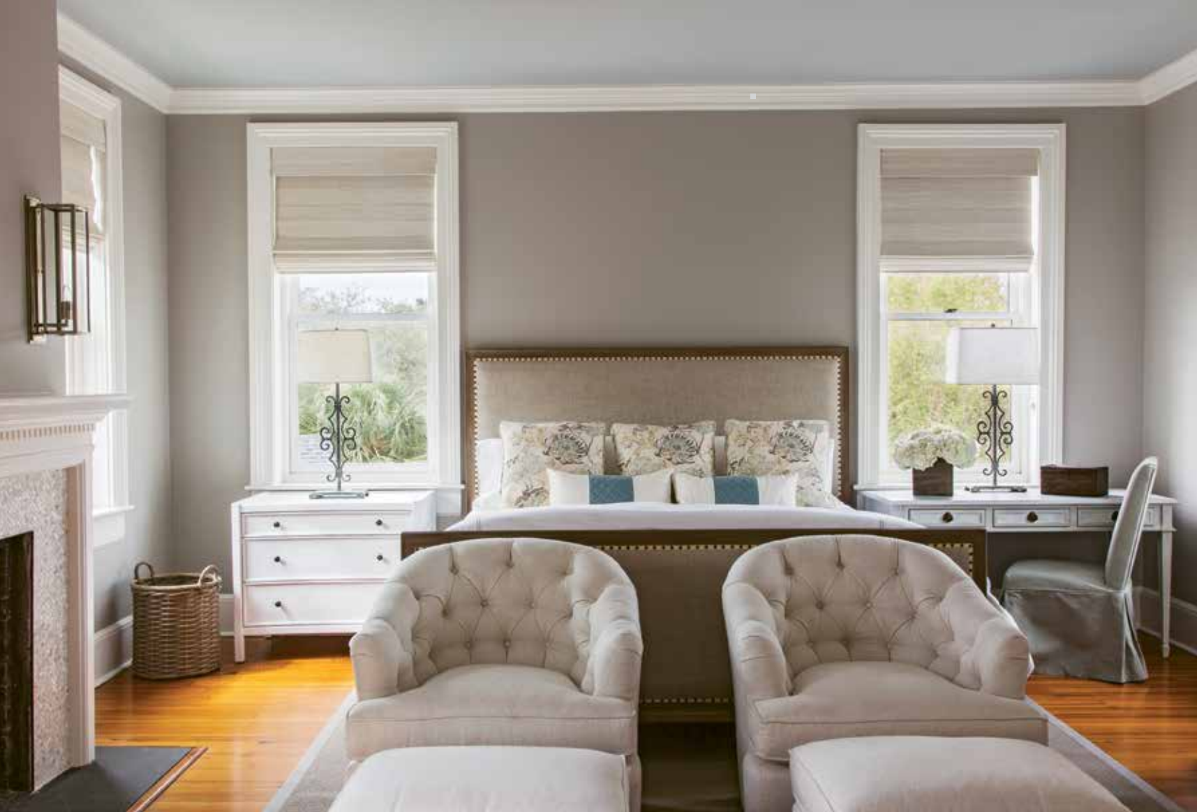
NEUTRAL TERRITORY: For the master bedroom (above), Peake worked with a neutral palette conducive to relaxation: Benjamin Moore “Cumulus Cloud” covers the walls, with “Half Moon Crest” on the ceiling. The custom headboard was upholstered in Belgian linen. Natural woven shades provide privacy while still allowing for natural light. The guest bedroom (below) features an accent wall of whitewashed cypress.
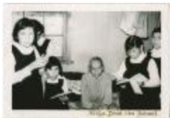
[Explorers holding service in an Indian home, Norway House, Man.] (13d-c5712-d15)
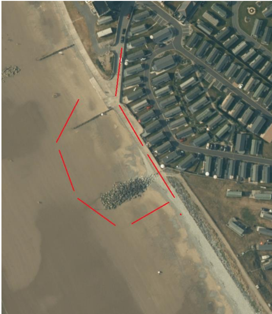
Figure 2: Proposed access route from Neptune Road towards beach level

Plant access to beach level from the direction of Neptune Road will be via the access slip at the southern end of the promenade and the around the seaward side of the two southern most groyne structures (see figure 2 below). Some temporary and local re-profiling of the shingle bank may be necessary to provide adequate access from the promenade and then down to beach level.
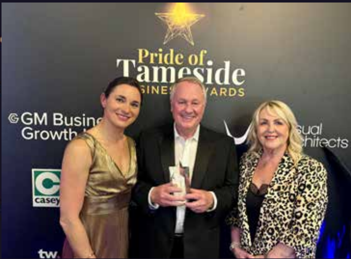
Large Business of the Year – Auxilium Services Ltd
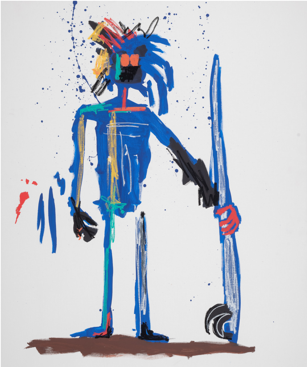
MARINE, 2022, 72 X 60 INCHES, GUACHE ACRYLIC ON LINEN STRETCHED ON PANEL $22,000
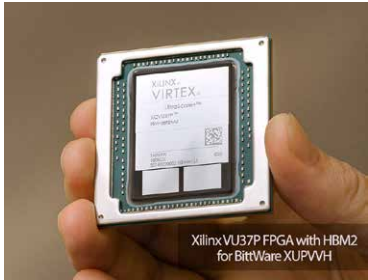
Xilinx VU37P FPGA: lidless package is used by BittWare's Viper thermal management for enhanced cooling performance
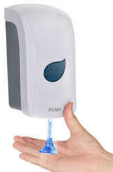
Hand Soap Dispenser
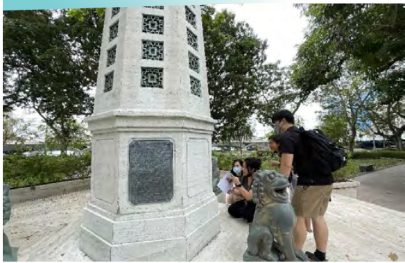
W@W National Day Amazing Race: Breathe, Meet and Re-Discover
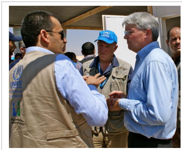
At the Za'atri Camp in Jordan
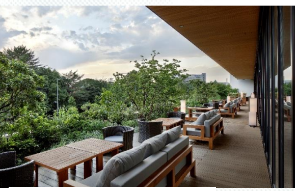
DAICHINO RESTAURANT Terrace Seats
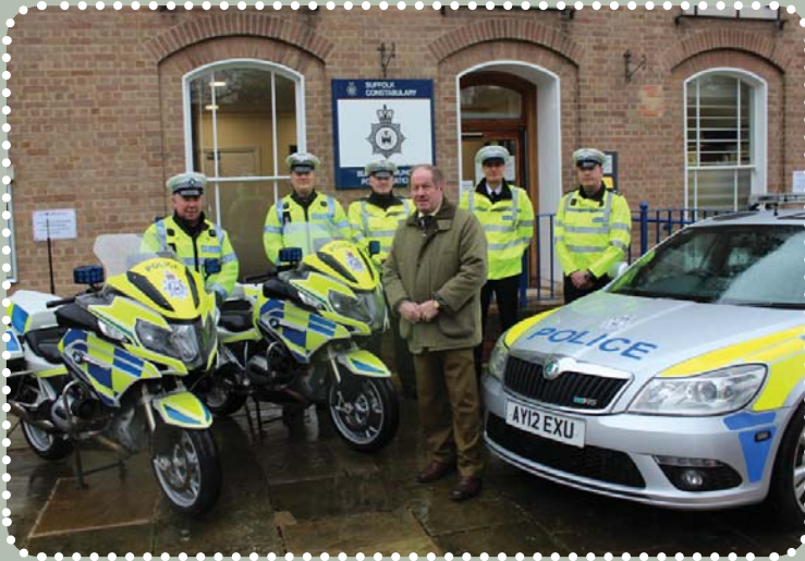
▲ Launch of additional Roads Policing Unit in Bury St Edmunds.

==

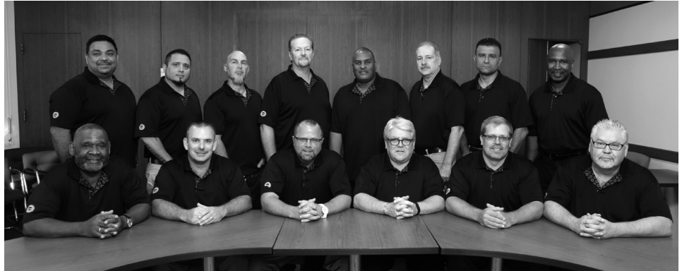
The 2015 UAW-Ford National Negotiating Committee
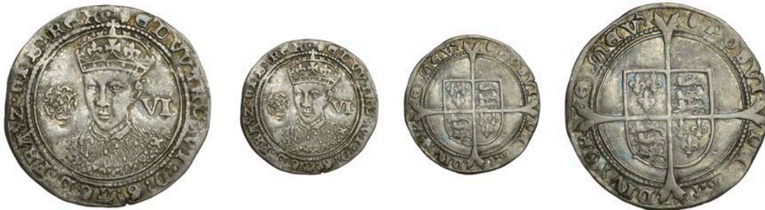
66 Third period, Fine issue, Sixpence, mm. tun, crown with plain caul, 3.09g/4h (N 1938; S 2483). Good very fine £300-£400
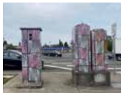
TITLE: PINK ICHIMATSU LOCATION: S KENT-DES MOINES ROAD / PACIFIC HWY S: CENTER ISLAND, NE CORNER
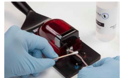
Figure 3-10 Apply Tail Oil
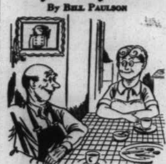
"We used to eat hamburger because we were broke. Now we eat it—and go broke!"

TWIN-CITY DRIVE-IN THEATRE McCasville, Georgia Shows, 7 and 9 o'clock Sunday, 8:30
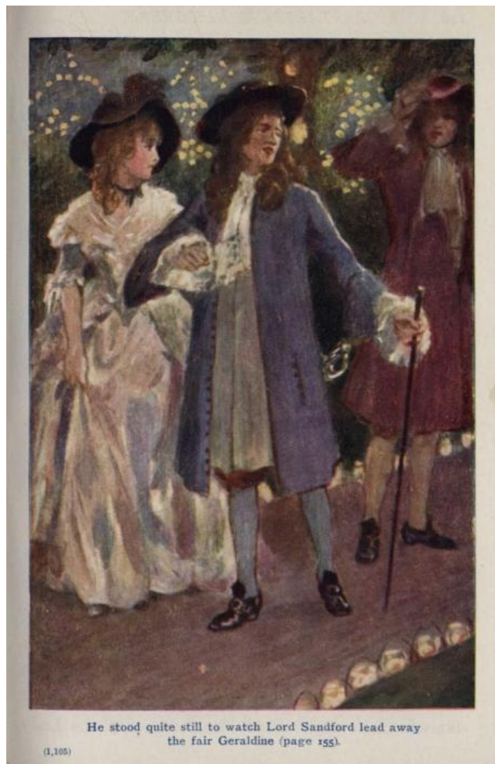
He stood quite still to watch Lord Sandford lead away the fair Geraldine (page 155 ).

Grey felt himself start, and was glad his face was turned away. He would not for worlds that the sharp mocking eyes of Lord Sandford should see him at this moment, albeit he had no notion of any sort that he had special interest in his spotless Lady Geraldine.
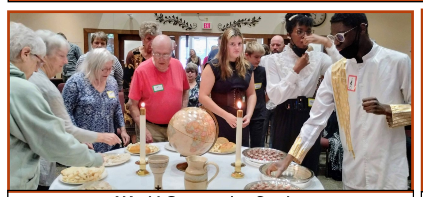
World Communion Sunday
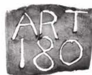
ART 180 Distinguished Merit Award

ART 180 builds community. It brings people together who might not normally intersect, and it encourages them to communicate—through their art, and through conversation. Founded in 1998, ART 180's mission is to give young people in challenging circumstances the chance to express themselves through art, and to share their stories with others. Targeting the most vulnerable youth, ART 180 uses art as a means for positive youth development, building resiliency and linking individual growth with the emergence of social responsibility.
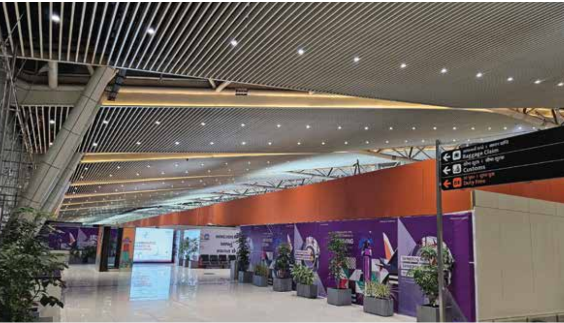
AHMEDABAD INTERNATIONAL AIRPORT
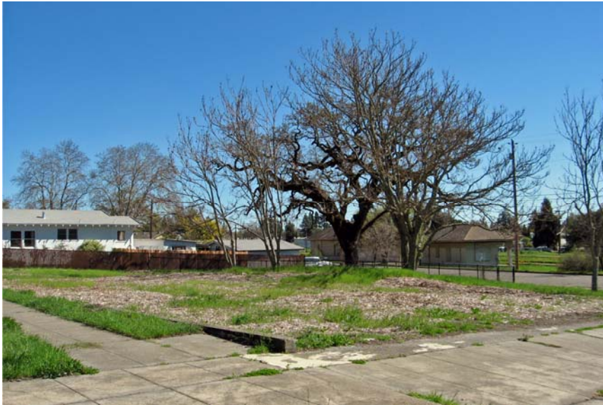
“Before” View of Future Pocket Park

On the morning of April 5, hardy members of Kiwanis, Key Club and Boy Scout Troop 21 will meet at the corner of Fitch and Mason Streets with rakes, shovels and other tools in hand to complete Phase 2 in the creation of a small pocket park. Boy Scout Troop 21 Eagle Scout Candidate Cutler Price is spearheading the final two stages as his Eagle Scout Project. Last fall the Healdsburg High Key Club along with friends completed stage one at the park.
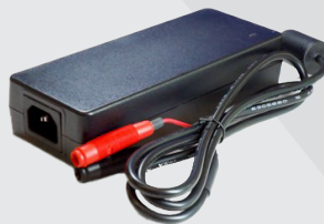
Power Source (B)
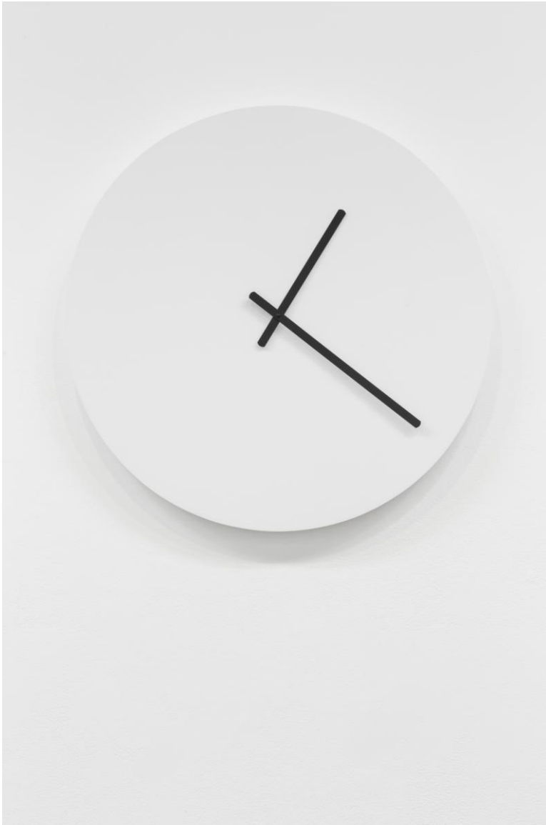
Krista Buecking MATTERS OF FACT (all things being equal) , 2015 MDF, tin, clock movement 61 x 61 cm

--

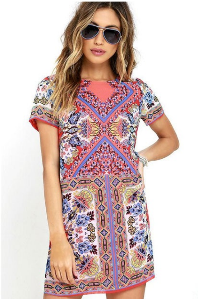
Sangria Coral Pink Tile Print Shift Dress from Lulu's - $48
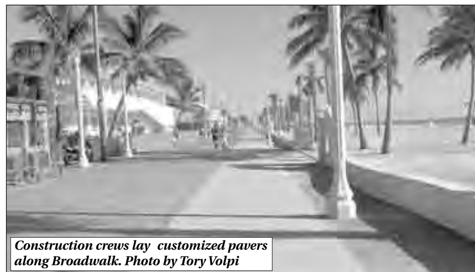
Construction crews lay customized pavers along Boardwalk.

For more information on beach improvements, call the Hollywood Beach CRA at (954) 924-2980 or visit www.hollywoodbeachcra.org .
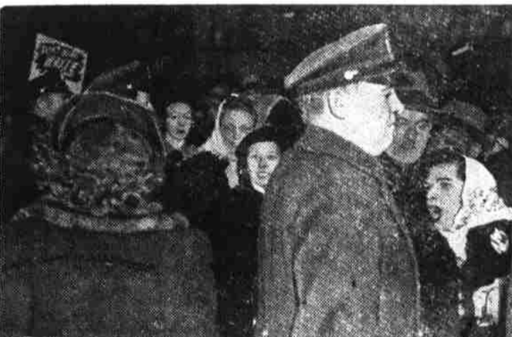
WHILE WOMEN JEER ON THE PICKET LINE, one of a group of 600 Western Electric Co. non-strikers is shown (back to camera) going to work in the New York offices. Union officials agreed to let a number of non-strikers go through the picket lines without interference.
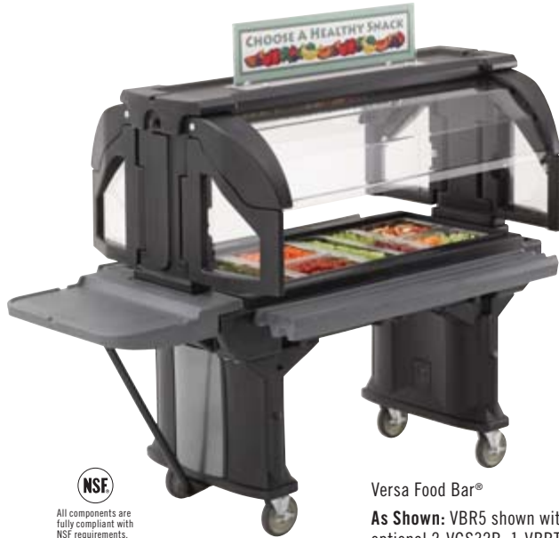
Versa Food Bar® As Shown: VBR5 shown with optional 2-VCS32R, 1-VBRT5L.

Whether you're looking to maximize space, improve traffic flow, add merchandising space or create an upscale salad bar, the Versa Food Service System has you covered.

■ The problem
In the records above, find the line with "Large Business of" and the line with "Bury St Edmunds.", then restate word for word only those two lines and all lines between, omitting pictures.

■ Solution for this problem
Large Business of the Year – Auxilium Services Ltd
MARINE, 2022, 72 X 60 INCHES, GUACHE ACRYLIC ON LINEN STRETCHED ON PANEL $22,000
Xilinx VU37P FPGA: lidless package is used by BittWare's Viper thermal management for enhanced cooling performance
Hand Soap Dispenser
W@W National Day Amazing Race: Breathe, Meet and Re-Discover
At the Za'atri Camp in Jordan
DAICHINO RESTAURANT Terrace Seats
▲ Launch of additional Roads Policing Unit in Bury St Edmunds.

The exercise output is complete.